Discovering Vinland

As part of my research for a historical novel about Gudrid Thorbjarnardottir, we went in search of one of the places she traveled to in the early 1,000s. It was more than intriguing.

Leif Eiriksson discovered something big around 1,000 A.D. You can still see the footprints of his longhouses at L’Anse aux Meadows on the northern tip of Newfoundland, Canada. He and his men are thought to be the first Europeans to build in North America.

But scholars argue about exactly where his Vínland is, which is puzzling. Maybe they don’t have a GPS?

His sod longhouse at Leifsbudir, which means Leif’s booths (tents) – his ironic name for these buildings with six foot thick walls – was at least twice the size of his father’s house in Greenland. You know his father… Eirik the Red, pioneer of Greenland. Leif obviously inherited his father’s place-naming humor. Gudrid, the m.c. of my YA novel, was Leif’s sister-in-law and went to Leifsbudir a couple of years after he did. It is easy to imagine her there. The small spindle whorl found by archeologists might actually have been hers.

Clayton Colbourne

The nearby peat bog provided the blocks of sod stacked over a framework of timber from the nearby forest, which is the same form of construction in Iceland and Greenland at the time. Clayton Colbourne, who grew up in the contemporary village of L’Anse aux Meadows and as a kid played on what were thought to be Indian mounds until archeologists arrived, helped build the reconstructions. It was laborious.

Inside, Egill Egilsson (aka Wade Hillier) played a lyre based on one from a Víking site in Sutton Hoo, then a flute with a single hole that elicited a lovely, lively melody, and lastly a small whistle made from a pig or sheep bone. He also had a wooden panpipe for use in a pinch. A local woman meanwhile did some mending by the longfire on one of the sleeping benches that lined the two long walls.


The blacksmith whose shop is next door showed the type of iron ore that the Norse dug from the nearby bog and a bar of smelted iron, a piece of which he then forged into a nail. In true Viking fashion, he did not bother with gloves while working the metal. Perhaps the Norse uncovered the ore while cutting the peat blocks they used for construction? The process of smelting the small, surprisingly lightweight, lumps of ore into useable iron involves felling lots of trees to make the charcoal that was used for firing up the forge. The paired bellows keep the temperature high enough that the blacksmith can work the purified iron into a nail or other item. Leif’s men made 100-200 nails in this way to repair an accident with one of their boats.

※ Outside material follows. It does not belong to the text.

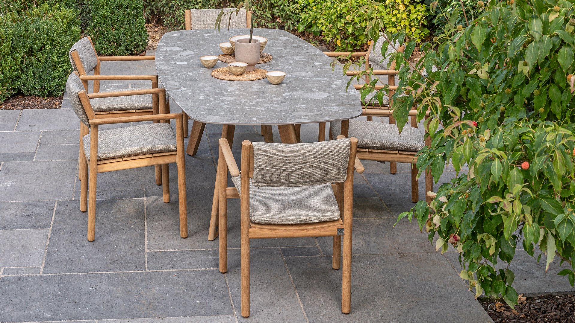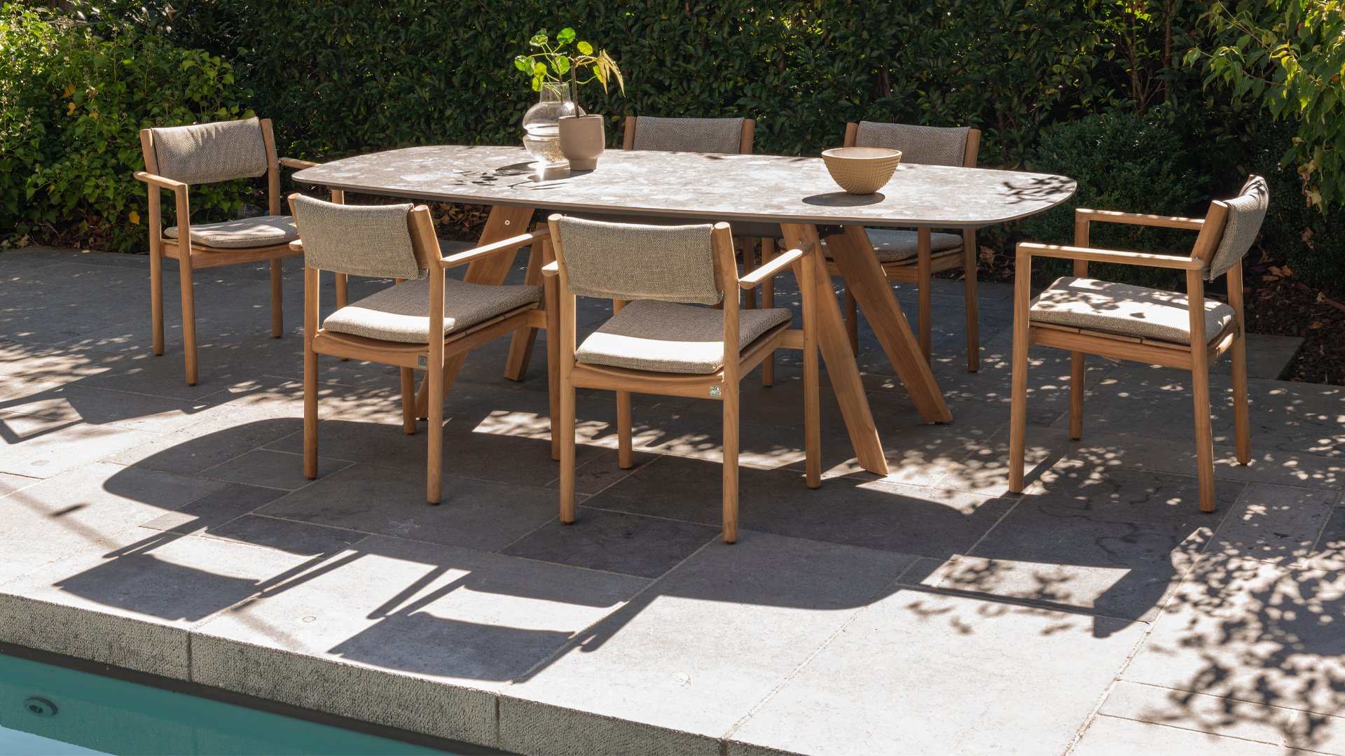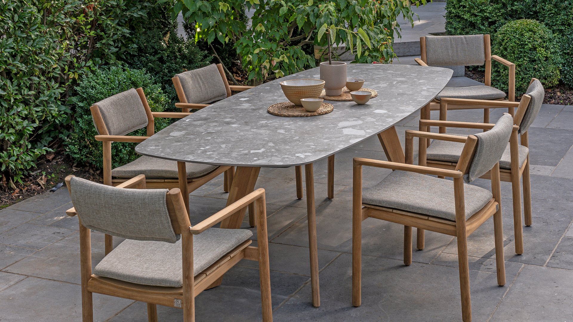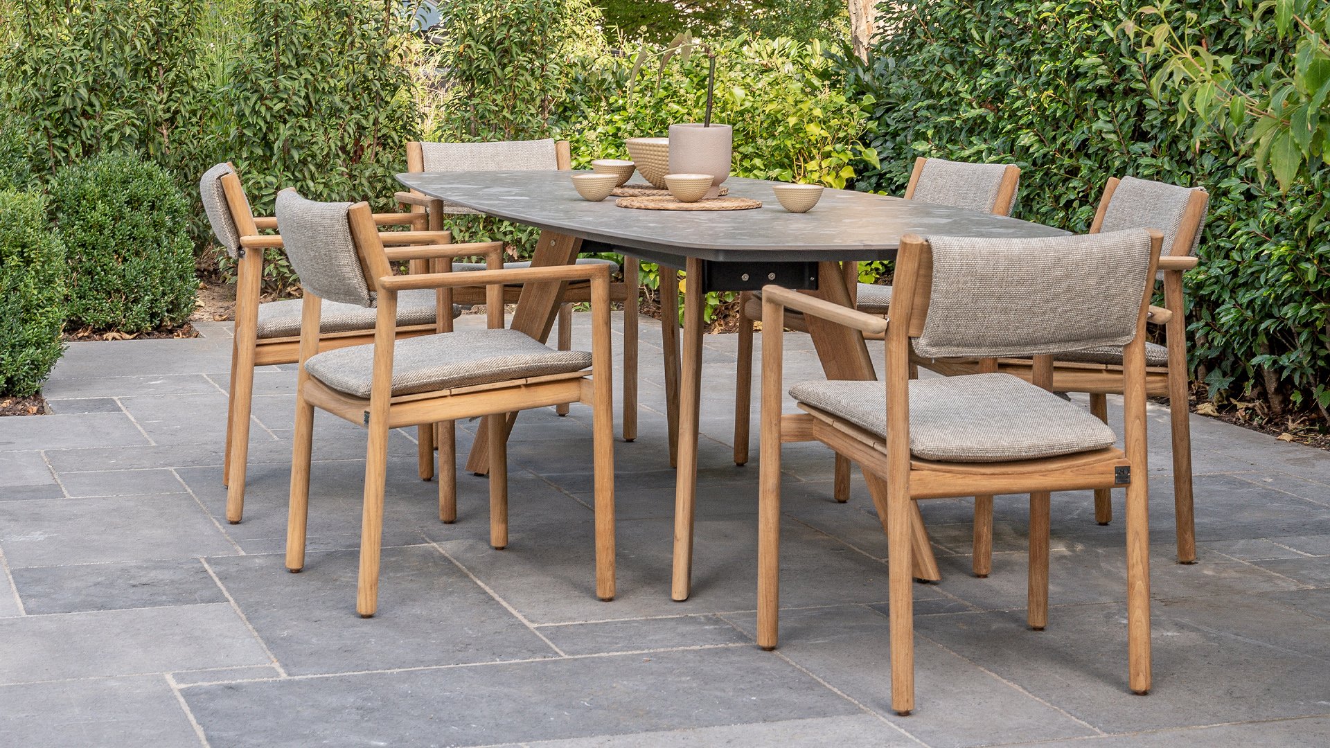 Gartenmöbel aus Teakholz bieten einen atemberaubenden Blick.Teakholz eignet sich besonders gut für den Einsatz im Außenbereich. Es ist resistent gegen Schädlinge und Pilze und widerstandsfähig gegen Sonne, Regen und Schnee. Mit der Zeit entwickelt das Teakholz eine silbergraue Patina. Gartenmöbel aus Teakholz bieten einen atemberaubenden Blick. Darüber hinaus ist es starkes Material und erfordert nur wenig Wartung. Wer die ursprüngliche Farbe des Teakholzes bevorzugt, kann durch regelmäßiges benutzen unser Pflegemittel ganz einfach das Vergrauen des Holzes verhindern.Darüber hinaus können Sie Teak mit grüner Seife reinigen. Durch Temperaturunterschiede und durch den Wechsel von Feuchtigkeit und Trockenheit können kleine Haarrisse entstehen. Es ist üblich, dass Man in dies Unvollkommenheiten findet, diese Unregelmäßigkeiten sind kennzeichnend für dieses Produkt. Diese Unregelmäßigkeiten können nie einen Anlass zu Reklamation, Garantie oder Claim formen. Es betrifft eine Unterschrift von Originalität!  Wir gewähren Garantie auf alle Produktions- und Konstruktionsfehler. Die Wirkung von Teakholz ist nicht enthalten. Wenn Sie sich für Teakholz entscheiden, erwarten wir, dass Sie diese Eigenschaften zu schätzen wissen. Eventuell auftretende Haarrisse, Äste im Teakholz und raue Oberflächen im Laufe der Zeit fallen nicht unter unsere Garantie. Diese Eigenschaften verleihen dem Teakholz seinen eigenen Charakter und sind Teil der Optik. Seien Sie vorsichtig mit einem Blumentopf oder einer Vase auf Ihrem Gartentisch aus Teakholz, da dies zu hartnäckigen Kreisen oder Farbunterschieden führen kann.
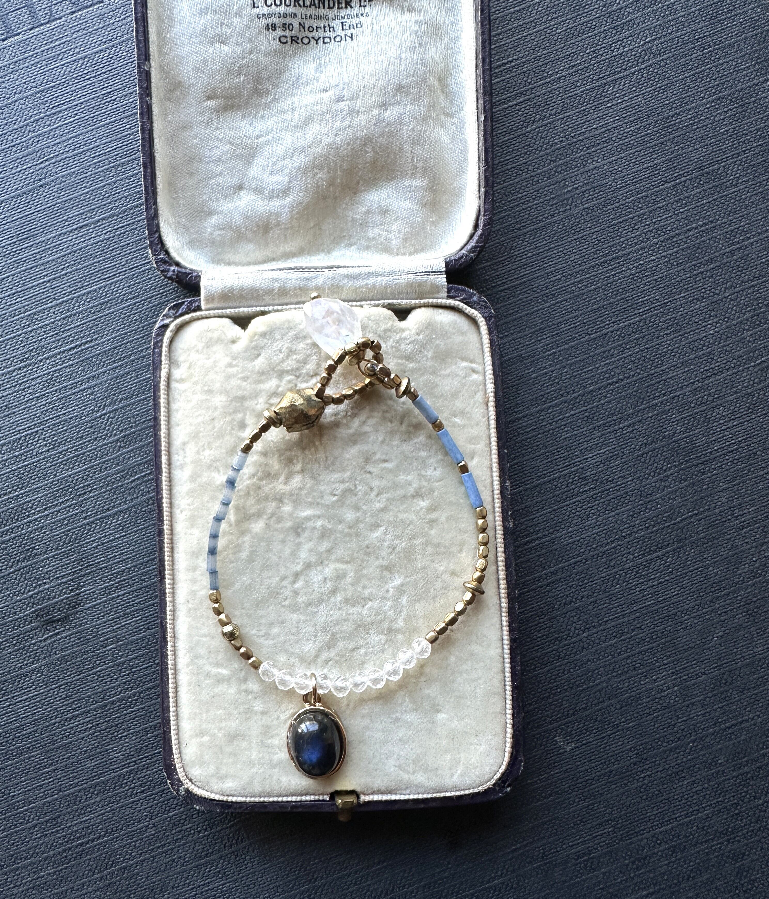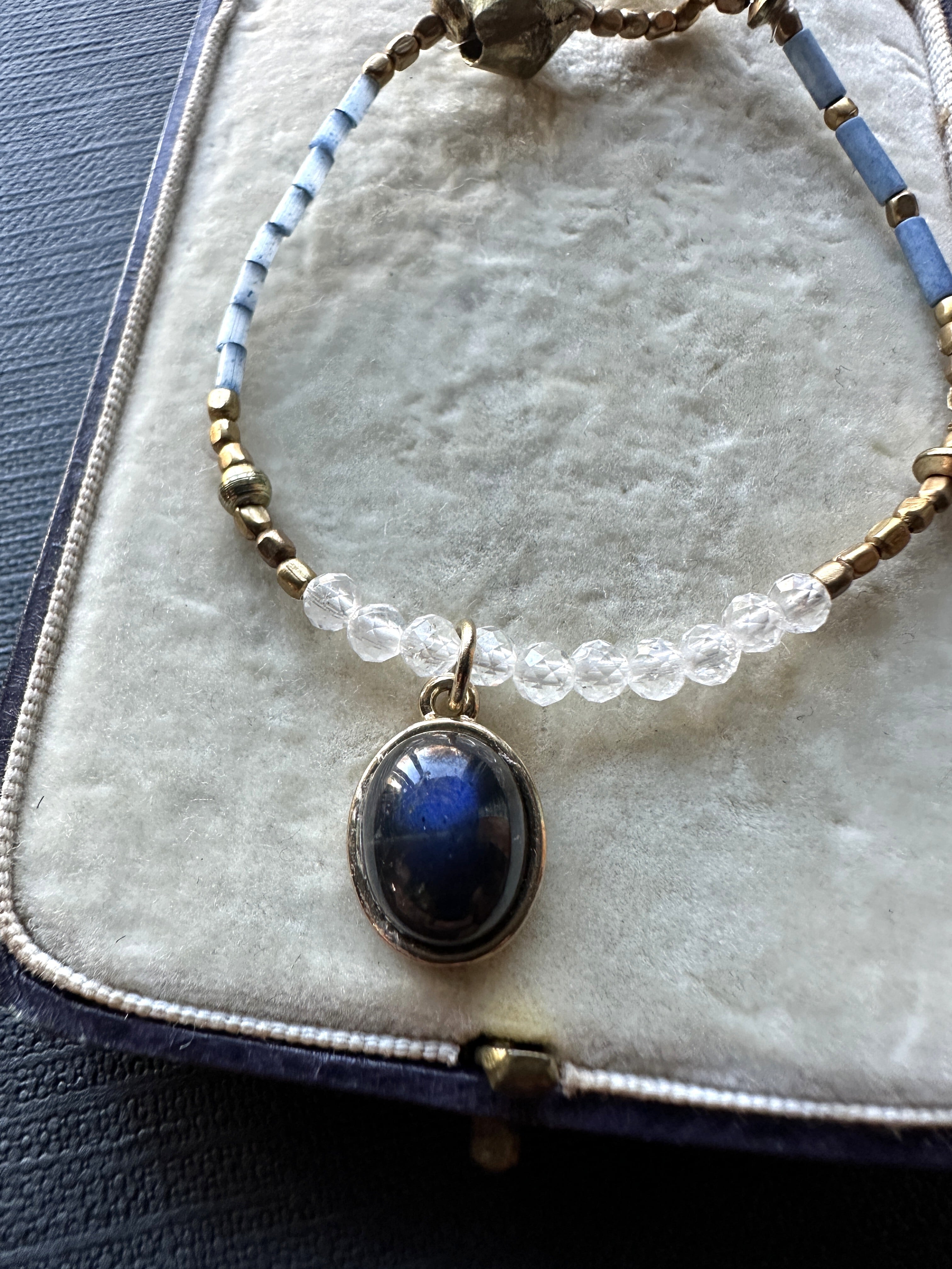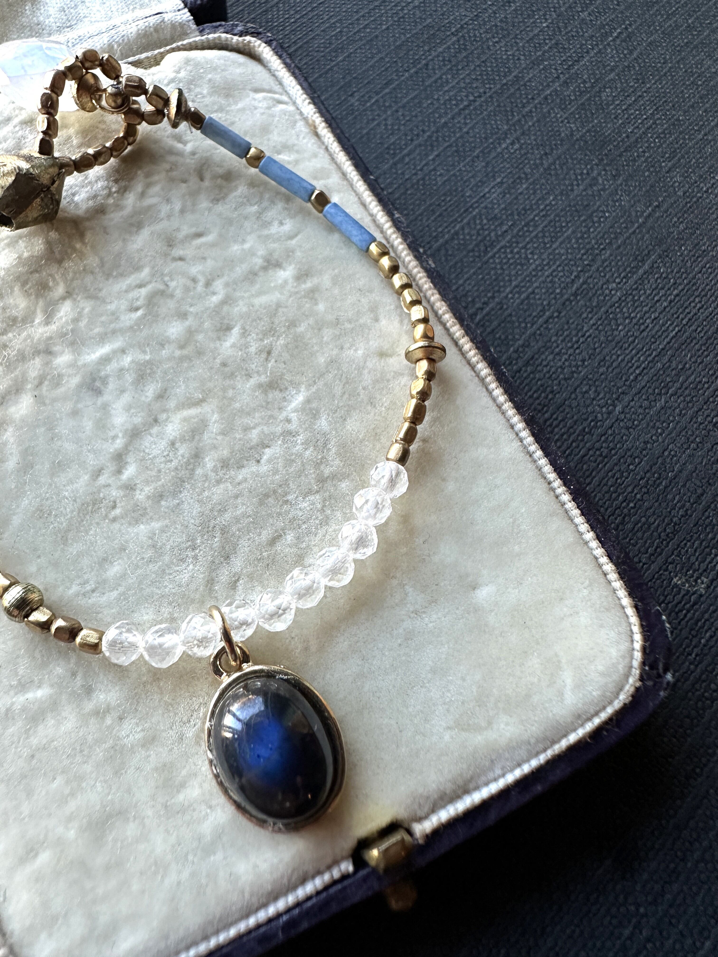素材:ブルーラブラドライド、藍染ビーズ、アフリカ真鍮ビーズ、レインボームーンストーン

The views the Norse saw surrounding Leifsbudir are reminiscent of places in Iceland and Greenland, only better. There is plenty of fog, rain and high winds at times, and yes there are icebergs; this one is 175 feet tall by 600 feet long and grounded in 420 feet of water. But there was longer daylight and warmer temperatures in winter, and millions of flowers – irises, harebells, pitcher plants, baked apple (cloudberries), partridgeberries and some cotton grass. Dense forests called tuckamore grew near the shore and more mixed deciduous and evergreens further inland. Trees were and are valuable commodities. A family of gorgeously golden-red foxes lives on the stony ridge just over the encampment. Life here is difficult, but good.

Within a few days’ sail in a knörr – or in a car like ours – are some unusual phenomena Leif, Gudrid and their people would have found intriguing. Close-by at Burnt Cape there is a harsh shale covered plateau with miniscule flora and scrawny trees growing flat, horizontally espaliered by the wind. There too are frost polygons, where extreme temperature cycles have configured the shale-like stone into rings or polygons with bigger stone on the outside and small shards within, like the footprints of some dragon. Further south at Port au Choix are limestone cliffs studded with spiral fossils. South of that is a stone formation at tideline with three big arches worn into the rock whose cobble beach is paved with every imaginable pattern and color. And at Cow Head is Shallow Bay’s fine sand beach and calm water glowing at sunset, embraced within the arms of two headlands.

No moose in 1000 AD, but now they average four per square kilometer. We saw eight without trying. Frequent woodpiles and small vegetable gardens seemingly in the middle of nowhere along roadsides are contemporary, though the struggle for heat through the seven month winters and for food are timeless. Those living on “The Rock” are resourceful and self-sufficient like Leif, Gudrid, and their compatriots were.